KPMG estimates that 289,100 babies were born in 2023. This compares to 300,684 babies in 2022 and 309,996 in 2021, according to the Australian Bureau of Statistics (ABS). KPMG urban economist Terry Rawnsley said weak economic growth often leads to a reduced number of births. In 2023, ABS data shows gross domestic product (GDP) fell to 1.5 percent. Despite the population growing by 2.5 percent in 2023, GDP on a per capita basis went into negative territory, down one percent over the 12 months.

“Birth rates provide insight into long-term population growth as well as the current confidence of Australian families, said Mr Rawnsley. “We haven’t seen such a sharp drop in births in Australia since the period of economic stagflation in the 1970s, which coincided with the initial widespread adoption of the contraceptive pill.”

Mr Rawnsley said many Australian couples delayed starting a family while the pandemic played out in 2020. The number of births fell from 305,832 in 2019 to 294,369 in 2020. Then in 2021, strong employment and vast amounts of stimulus money, along with high household savings due to lockdowns, gave couples better financial means to have a baby. This led to a rebound in births.

However, the re-opening of the global economy in 2022 led to soaring inflation. By the start of 2023, the Australian consumer price index (CPI) had risen to its highest level since 1990 at 7.8 percent per annum. By that stage, the Reserve Bank had already commenced an aggressive rate-hiking strategy to fight inflation and had raised the cash rate every month between May and December 2022.

Five more rate hikes during 2023 put further pressure on couples with mortgages and put the brakes on family formation. “This combination of the pandemic and rapid economic changes explains the spike and subsequent sharp decline in birth rates we have observed over the past four years, Mr Rawnsley said.

The impact of high costs of living on couples’ decision to have a baby is highlighted in births data for the capital cities.

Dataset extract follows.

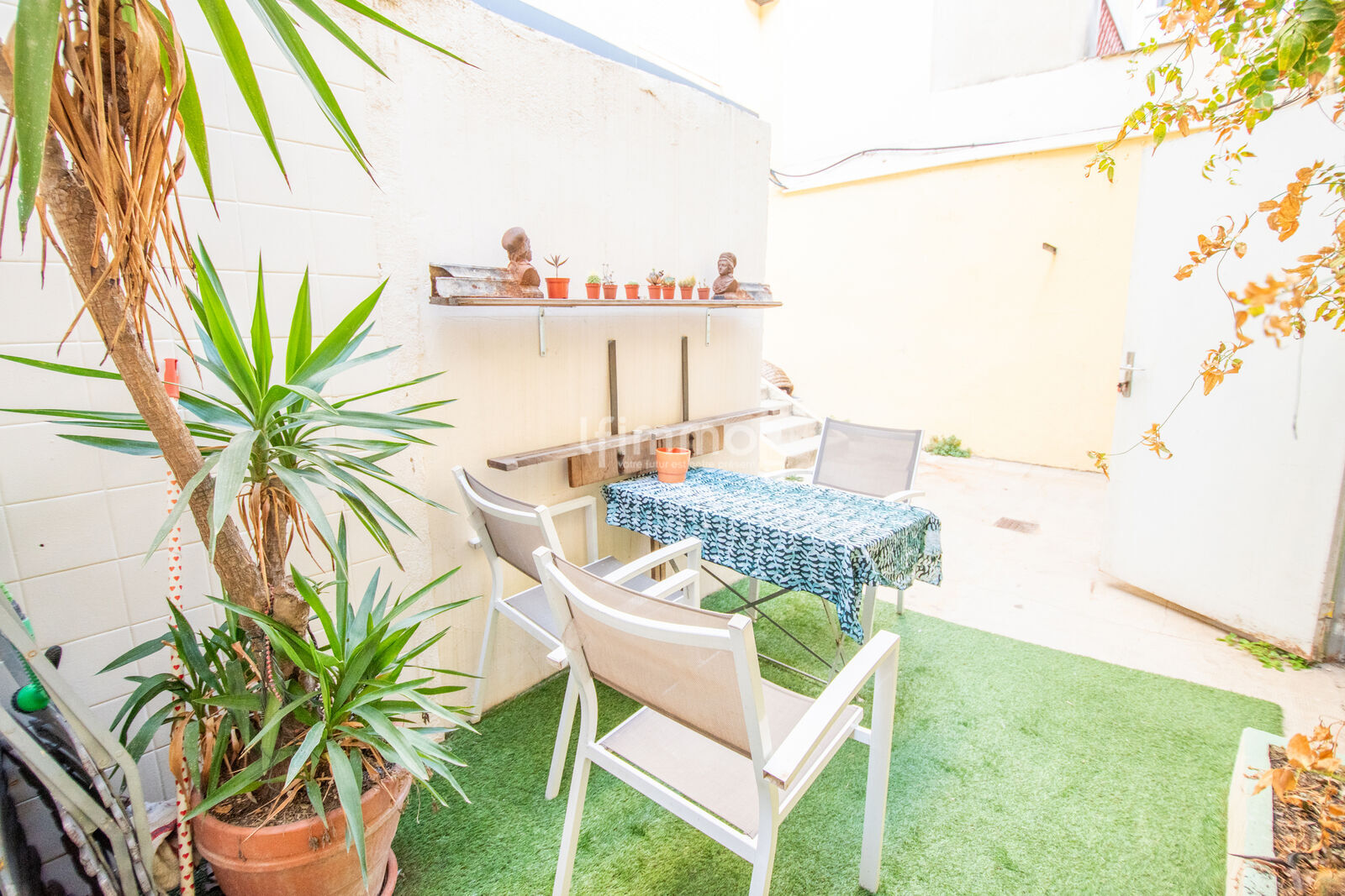 L’entrée se fait par la cour commune, menant à une petite terrasse privative, parfaite pour créer un coin cosy.

KPMG estimates there were 60,860 births in Sydney in 2023, down 8.6 percent from 2019. There were 56,270 births in Melbourne, down 7.3 percent. In Perth, there were 25,020 births, down 6 percent, while in Brisbane there were 30,250 births, down 4.3 percent. Canberra was the only capital city where there was no fall in the number of births in 2023 compared to 2019.

“CPI growth in Canberra has been slightly subdued compared to that in other major cities, and the economic outlook has remained strong,” Mr Rawnsley said. This means families have not been hurting as much as those in other capital cities, and in turn, we’ve seen a stabilisation of births in the ACT.”